WHAT THIS TASK INVOLVES:
Restate the listing that follows word for word, without its pictures.

PROVIDED MATERIAL:
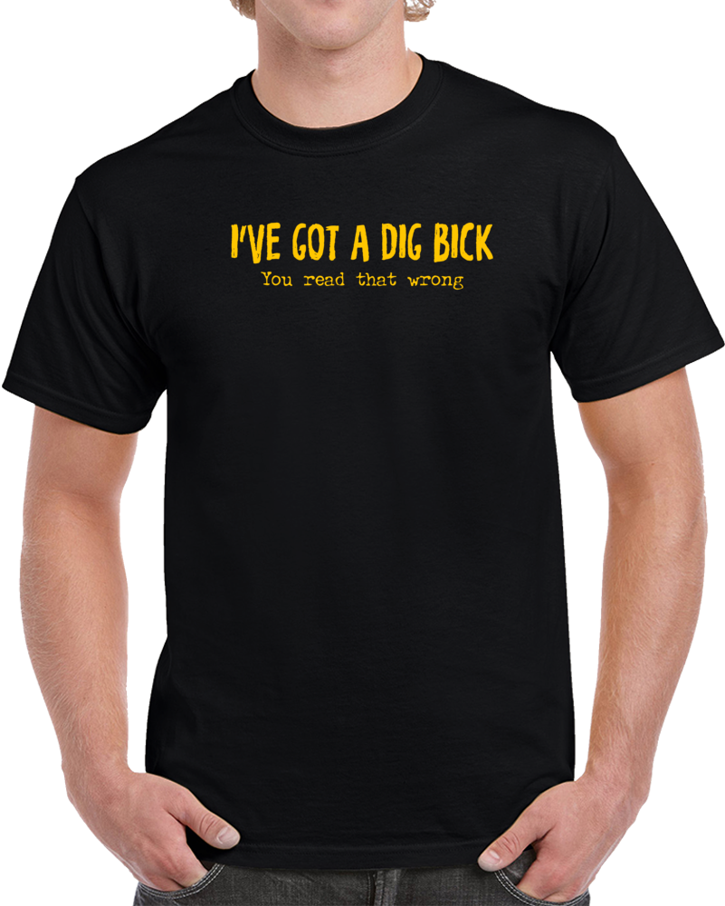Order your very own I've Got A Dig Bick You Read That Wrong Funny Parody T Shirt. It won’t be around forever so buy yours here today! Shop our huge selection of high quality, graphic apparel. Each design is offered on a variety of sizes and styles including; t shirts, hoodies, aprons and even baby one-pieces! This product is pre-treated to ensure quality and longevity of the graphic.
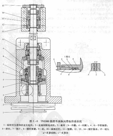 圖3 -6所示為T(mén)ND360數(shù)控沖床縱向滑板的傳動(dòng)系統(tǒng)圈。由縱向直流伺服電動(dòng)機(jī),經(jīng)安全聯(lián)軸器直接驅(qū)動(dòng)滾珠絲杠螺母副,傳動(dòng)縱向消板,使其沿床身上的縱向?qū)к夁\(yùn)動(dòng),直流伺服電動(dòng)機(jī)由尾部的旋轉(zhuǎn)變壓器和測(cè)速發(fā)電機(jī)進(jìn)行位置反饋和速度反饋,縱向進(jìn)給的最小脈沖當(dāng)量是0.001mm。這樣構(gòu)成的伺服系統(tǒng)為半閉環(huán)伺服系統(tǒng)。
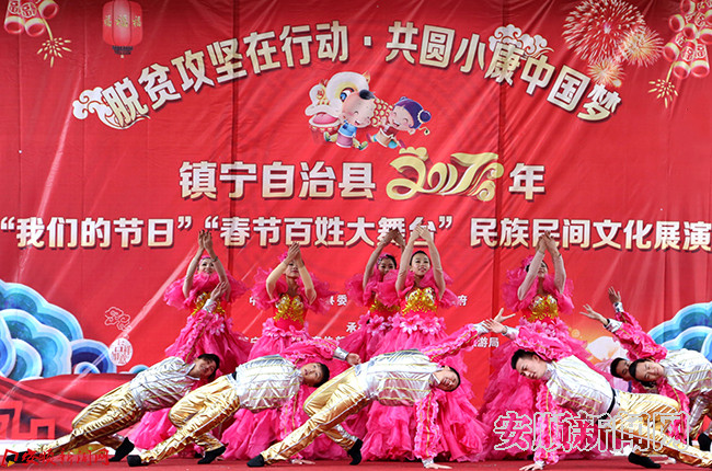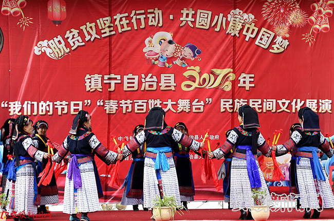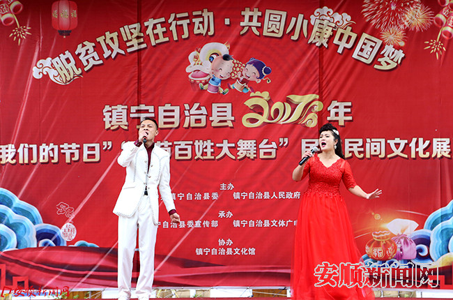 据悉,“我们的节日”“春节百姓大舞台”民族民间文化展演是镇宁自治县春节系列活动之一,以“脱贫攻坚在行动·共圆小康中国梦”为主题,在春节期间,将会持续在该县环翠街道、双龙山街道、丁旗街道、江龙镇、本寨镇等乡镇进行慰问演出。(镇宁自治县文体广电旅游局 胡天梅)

SOLUTION:
Order your very own I've Got A Dig Bick You Read That Wrong Funny Parody T Shirt. It won’t be around forever so buy yours here today! Shop our huge selection of high quality, graphic apparel. Each design is offered on a variety of sizes and styles including; t shirts, hoodies, aprons and even baby one-pieces! This product is pre-treated to ensure quality and longevity of the graphic.
 圖3 -6所示為T(mén)ND360數(shù)控沖床縱向滑板的傳動(dòng)系統(tǒng)圈。由縱向直流伺服電動(dòng)機(jī),經(jīng)安全聯(lián)軸器直接驅(qū)動(dòng)滾珠絲杠螺母副,傳動(dòng)縱向消板,使其沿床身上的縱向?qū)к夁\(yùn)動(dòng),直流伺服電動(dòng)機(jī)由尾部的旋轉(zhuǎn)變壓器和測(cè)速發(fā)電機(jī)進(jìn)行位置反饋和速度反饋,縱向進(jìn)給的最小脈沖當(dāng)量是0.001mm。這樣構(gòu)成的伺服系統(tǒng)為半閉環(huán)伺服系統(tǒng)。
 据悉,“我们的节日”“春节百姓大舞台”民族民间文化展演是镇宁自治县春节系列活动之一,以“脱贫攻坚在行动·共圆小康中国梦”为主题,在春节期间,将会持续在该县环翠街道、双龙山街道、丁旗街道、江龙镇、本寨镇等乡镇进行慰问演出。(镇宁自治县文体广电旅游局 胡天梅)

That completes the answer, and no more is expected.